A recent article discussed how addressing the social problems of hospital emergency department (ED) super-users can results in substantial savings for hospitals (see: Tackling Patients’ Social Problems Can Cut Health Costs). Below is an excerpt from it:
[S]uper-utilizers of healthcare services] cost public and private insurers dearly — making up just five percent of the U.S. population, but accounting for 50 percent of health care spending. As health care costs continue to rise, hospitals and doctors are trying to figure out how to find these patients and get to the root of their problems. An effort to do just that started in New Jersey’s poorest city, Camden, more than a decade ago. Inspired by the way police departments mapped crime data to detect “hot spots,” family physician Dr. Jeffrey Brenner dug into ambulance records and emergency department data to show how high-cost patients were shuttling between city hospitals (see: Addressing the One Percent: An Interview with Jeffrey Brenner, MD).....To steer patients away from expensive emergency care and push health systems to change the way they do business, the Affordable Care Act funds programs called Accountable Care Organizations. These are networks of hospitals, physicians and others who team up to improve care, lower costs and reap the savings. Jeffrey Brenner has sought to change the way the health care industry treats people with complex problems.....This high touch, data-driven approach [of addressing super-utilizers' social problems] has yielded big savings. ER visits for ...[a study group of them] dropped by 40 percent, cutting monthly hospital bills from $1.2 million dollars to $500,000. Since then, Brenner has sought to spread the model around the country. One example is the Patient Care Intervention Center [PCIC] in Houston....Tackling that problem took unprecedented planning among typically disjointed city and county agencies, hospitals and nonprofits.

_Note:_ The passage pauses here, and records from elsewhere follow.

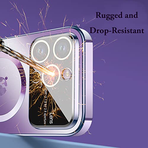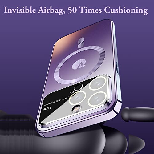Lioncool Luxury Matte Magnetic AG Case Magnetic Charging Case for iPhone 14/13/12/11Pro Max, AG Glass Large Window Lens Protection Magnetic Frosted Case (Purple,for iPhone 14 PRO)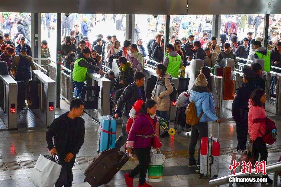 2月1日,旅客进入昆明火车站准备乘车。当日,为期40天的中国春运正式拉开大幕。中新社记者 刘冉阳 摄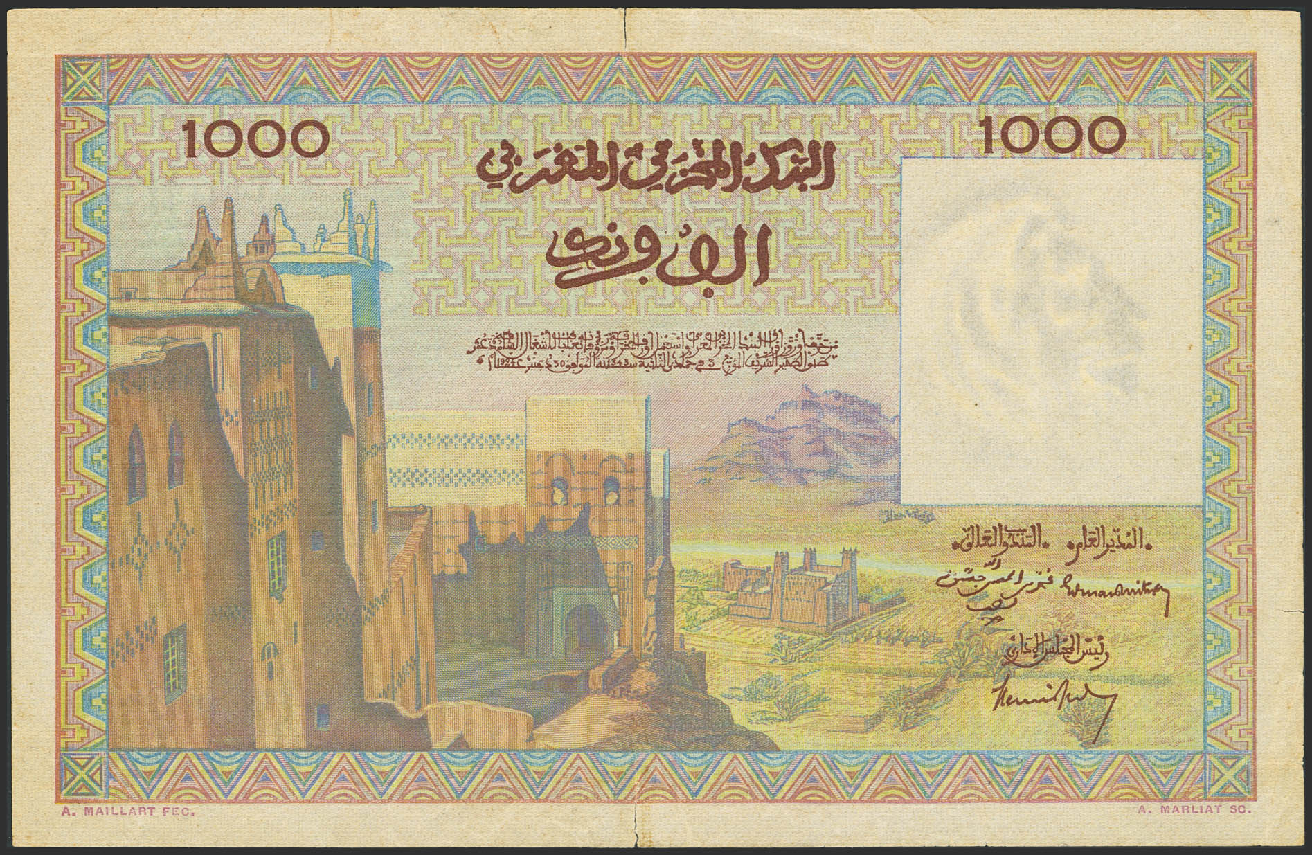 MOROCCO. 1000 Francs. 15 November 1956. Banque d'Etat du Maroc. (Pick: 47). Tear at the ends of the central fold. More than Extremely Fine.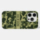 Customize this multi-hued green camouflage iPhone 15 pro case with your name in a trendy modern CAP font in dark green on light green. It's masculine and perfect for your favorite military, hunting, country or outdoorsman!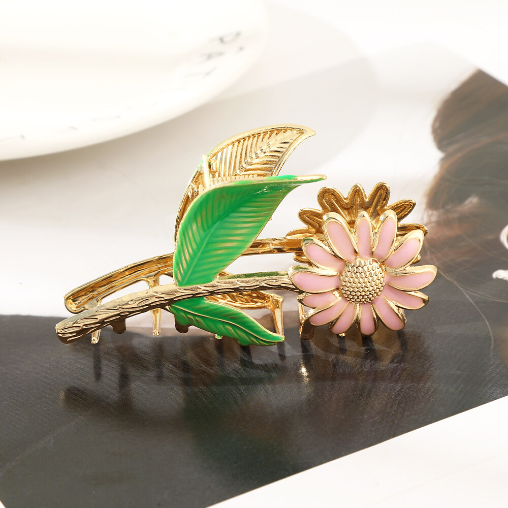 1pc Korean Gold Sunflower Hair Clip Alloy Flower Woman Hair Claw Ponytail Hairpin Summer Hair Accessories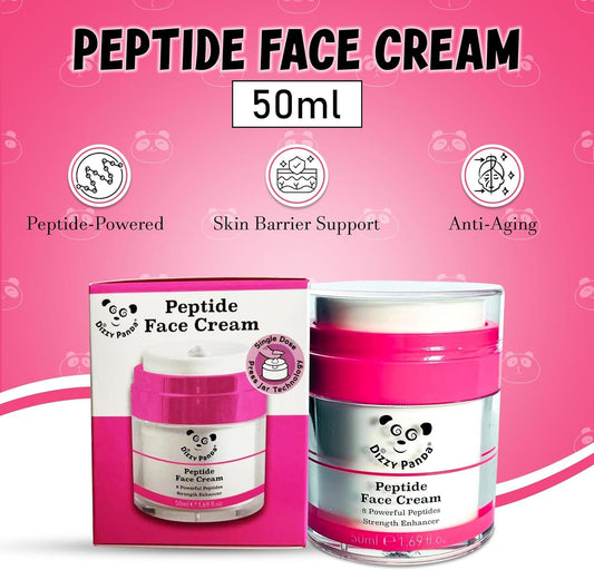 Dizzy Panda 4-Piece Skincare Bundle with Peptide Face Cream 50ml, Soft Glow Gel Lotion 50ml, Brightening Toner 145ml, Crystal Glow Cleanser 100ml & Cosmetic Bag - Packed by ADAM DEALS - Christmas Gift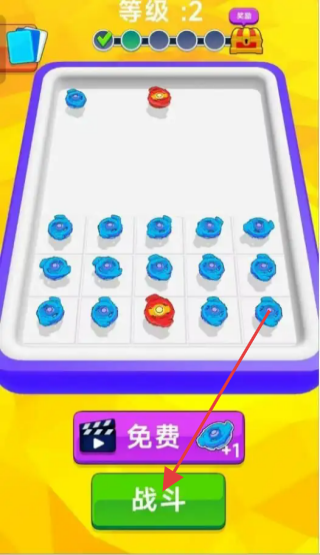 1、布置好陀螺阵容后,点击下方绿色【战斗】按钮,开启陀螺对战。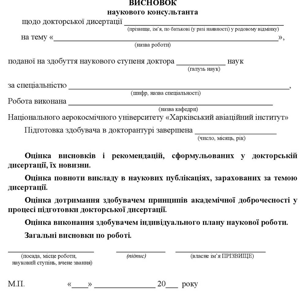 3.7. Завершення підготовки здобувача в докторантурі Університету підтверджується висновком наукового консультанта, який оформлюється у двох примірниках (додаток Б).

There is no big surprise here. A large number of hospital ED super-users have major social problems such as homelessness, mental illness, and alcoholism. Addressing some of these problems in collaboration with agencies and non-profits can improve hospital budgets. Although hospitals may reap most of the benefits of this reduction of unnecessary ED visits, they are not in a position to independently intervene. However, ACOs working in concert with "disjointed" city and county agencies and non-profits can improve the situation.
Click through to the web page of the Patient Care Intervention Center in Houston for more information about how one successful organization is taking steps to help solve this problem. As the excerpt above indicates, part of its approach entails data analysis to identify the super-users. Recall that hospitals control access to some of the most important data in this regard. Here's some information about the Unified Care Continuum Portal (UCCP) from the web site of the PCIC:
...[The UCCP] is a web based system that is being developed to provide a single point of access to a client's plan, which would span services rendered to the client from multiple organizations. This will enable providers and coordinators to view the entire continuum of care being provided to a client, rather than just their own care plans. It will enable better coordination between systems, and reduce any overlap in services that might currently exist due to a lack in coordination. It will also establish a more streamlined and coordinated case management process with the client. The UCCP will be built on top of PCIC's web-based Electronic Medical Record (EMR) system, integrating into existing care coordination and care plan functionality that is already present in the system.